• Exercise requirements:
The answer consists only of the lines from the beginning of the listing below to the line holding "Fresh Shower Gel", inclusive, with every picture removed.

■ ■ ■ ■

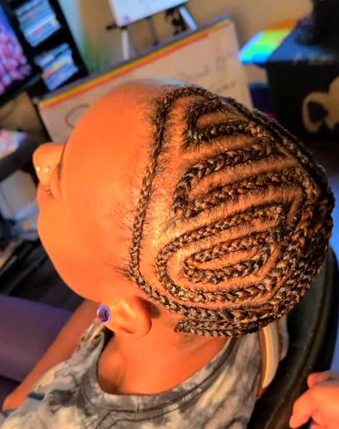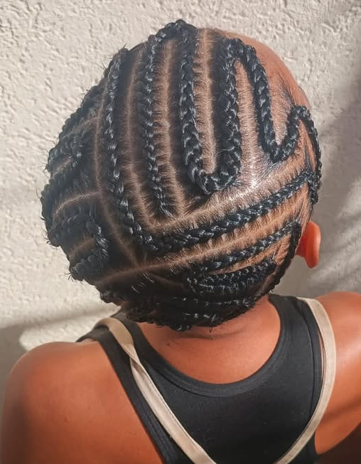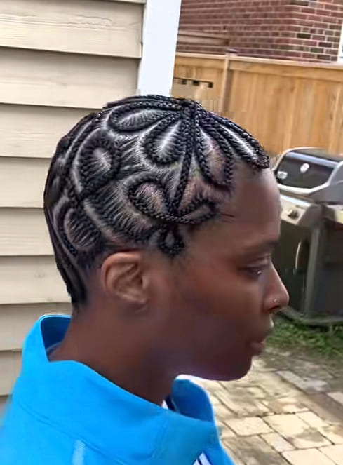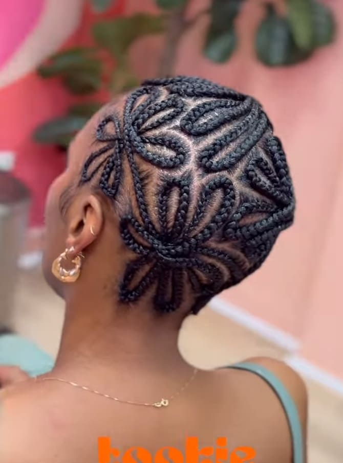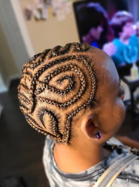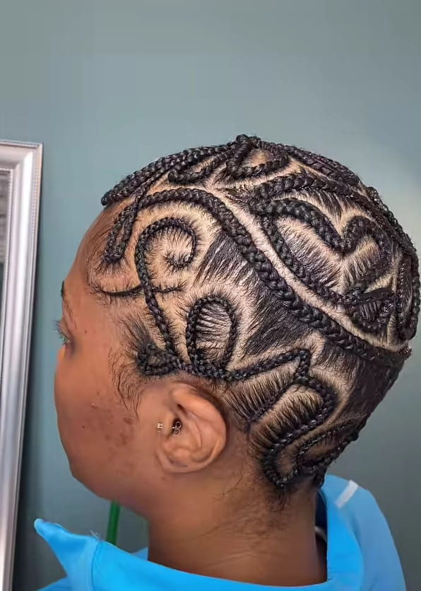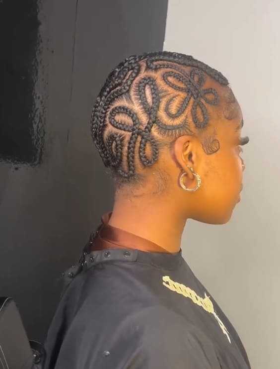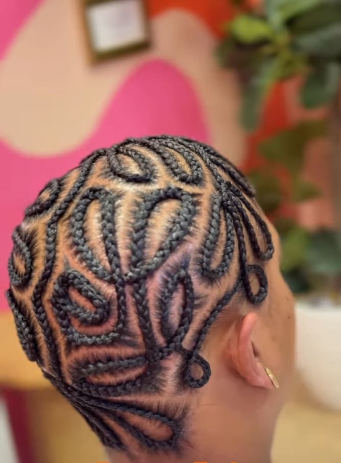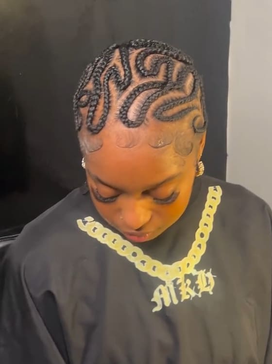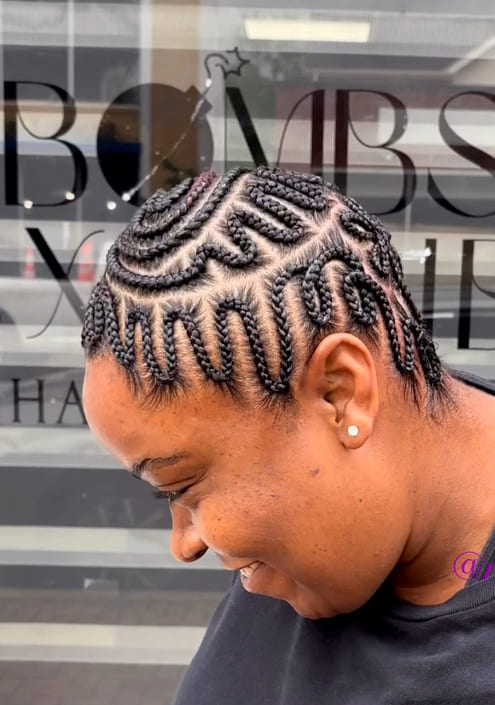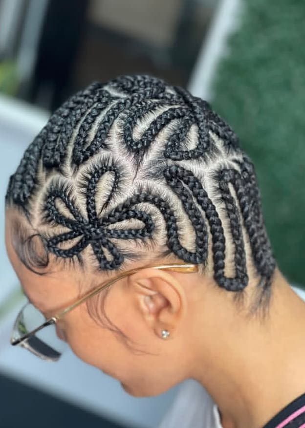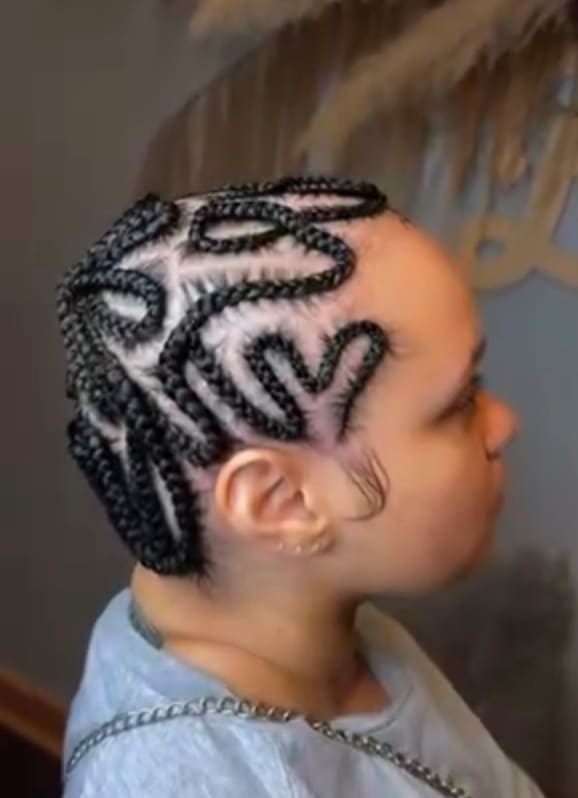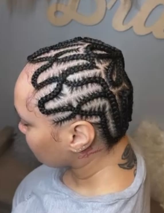 Braided baldie hairstyles usually have designs such as hearts, spirals, flowers, zigzags, stars, waves, butterflies, crisscrosses, squiggles, and more. The cornrows can also be random patterns, as long as all the hair is captured.
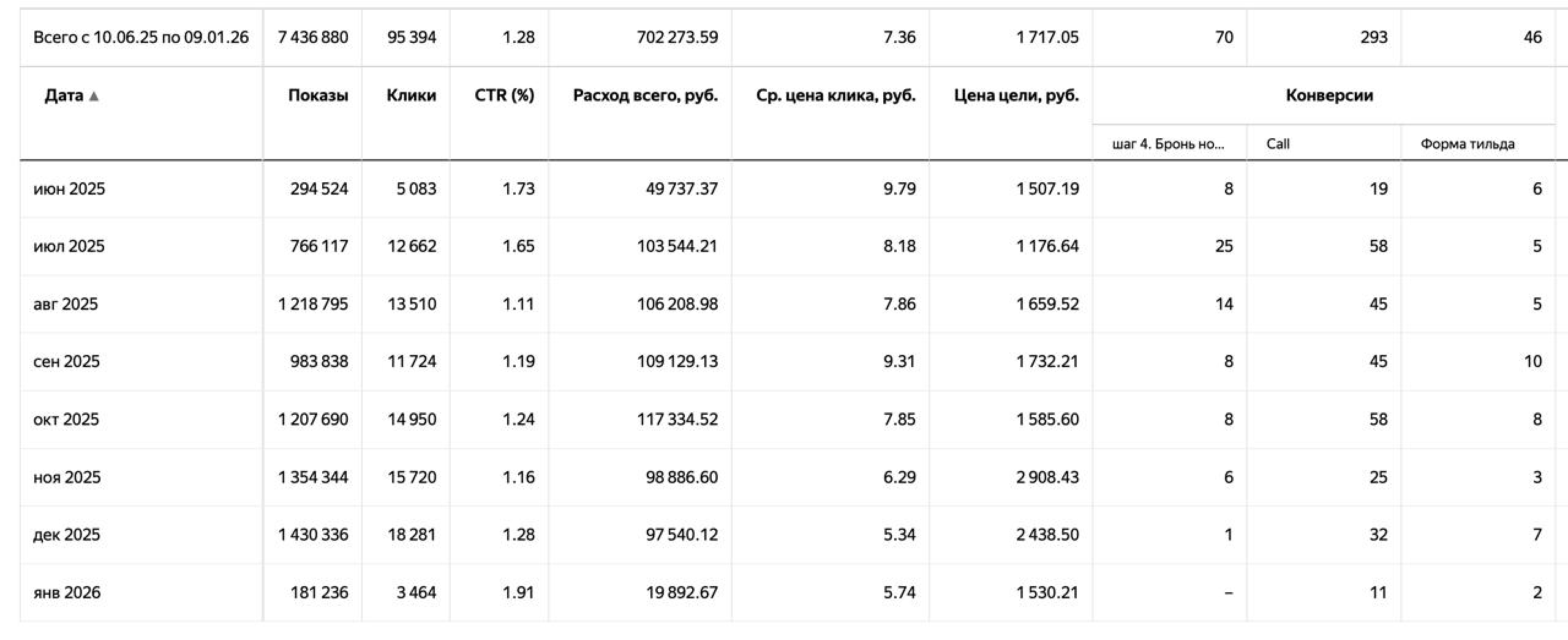 В конце мая 2025 года ко мне обратился руководитель Отеля в Костромской области для выяснения ситуации, что происходит с рекламой. Рекламный канал был единственный - Яндекс Директ. И все надежды тоже были только на него. Но эффективность рекламы с каждой неделей падала, в течение 7 дней броней с рекламы вообще могло не быть
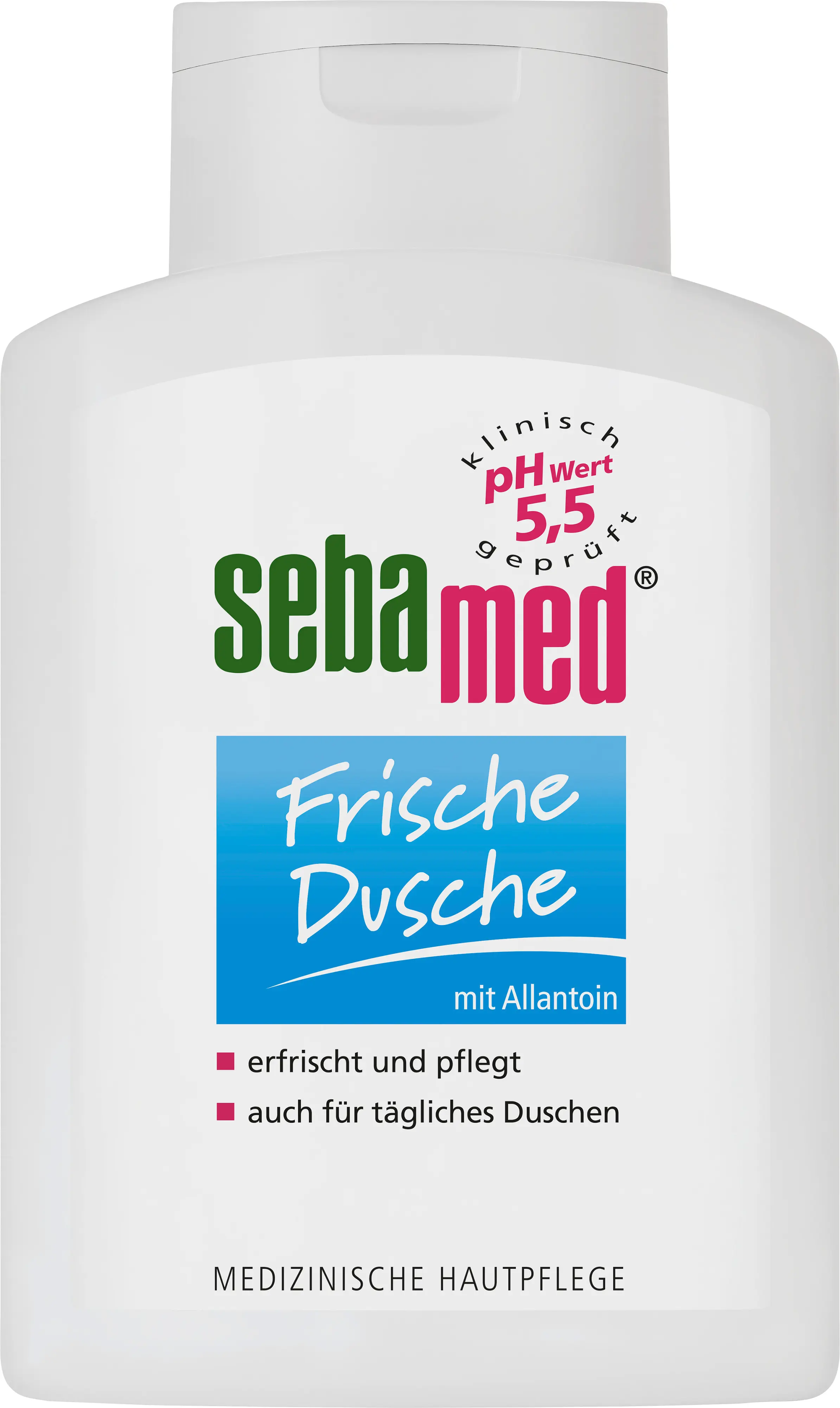 Fresh Shower Gel från sebamed har samma pH-värde som huden, 5,5, och stödjer därför hudens naturliga skyddsbarriär. Den milda och uppfriskande formulan med allantoin och mjölksyra rengör varsamt huden och ger nödvändig fukt. Den är lämplig för daglig användning på känslig hud.
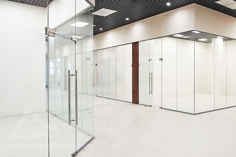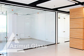 Позвоните в «Азимут-Гласс» и узнайте, за какую цену можно заказать изготовление и купить матовые или прозрачные цельностеклянные перегородки для зонирования офисного пространства. Вас ожидает выгодное коммерческое предложение!
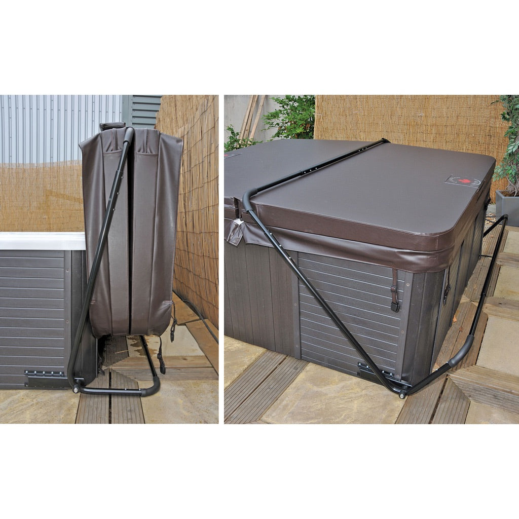 Eliminate the hassle of removing your hot tub cover with a Canadian Spa Company cover lifter! It makes cover removal and replacement a quick, one-handed operation while reducing wear and tear. This cover lifter mounts to the sides of the hot tub with durable brackets that attach to the spa itself. Clearance of 18 in is required behind the spa to ensure that the cover is stored safely and with minimal effort. A towel holder bracket is also included on the cover lifter arm so you can conveniently keep your towel close by.
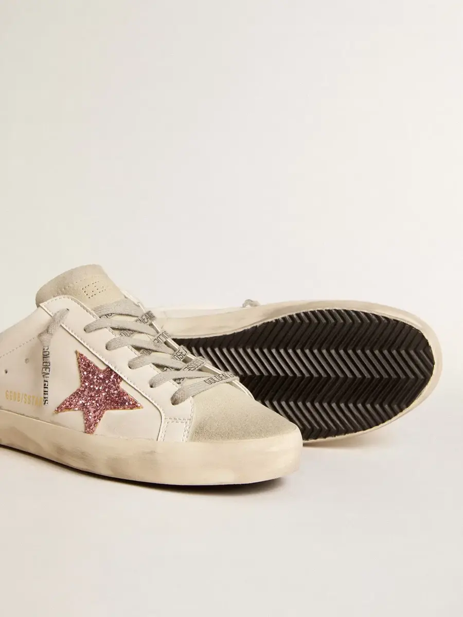 Nuestras icónicas zapatillas en versión sabot: estas Super-Star cuentan con la clásica parte superior blanca de origen biológico y una estrella rosa brillante. La lengüeta y la puntera de ante gris hielo y los cordones gris hielo con el logotipo negro en contraste completan el look.

■ ■ ■ ■

• Answer to the exercise:
 Braided baldie hairstyles usually have designs such as hearts, spirals, flowers, zigzags, stars, waves, butterflies, crisscrosses, squiggles, and more. The cornrows can also be random patterns, as long as all the hair is captured.
 В конце мая 2025 года ко мне обратился руководитель Отеля в Костромской области для выяснения ситуации, что происходит с рекламой. Рекламный канал был единственный - Яндекс Директ. И все надежды тоже были только на него. Но эффективность рекламы с каждой неделей падала, в течение 7 дней броней с рекламы вообще могло не быть
 Fresh Shower Gel från sebamed har samma pH-värde som huden, 5,5, och stödjer därför hudens naturliga skyddsbarriär. Den milda och uppfriskande formulan med allantoin och mjölksyra rengör varsamt huden och ger nödvändig fukt. Den är lämplig för daglig användning på känslig hud.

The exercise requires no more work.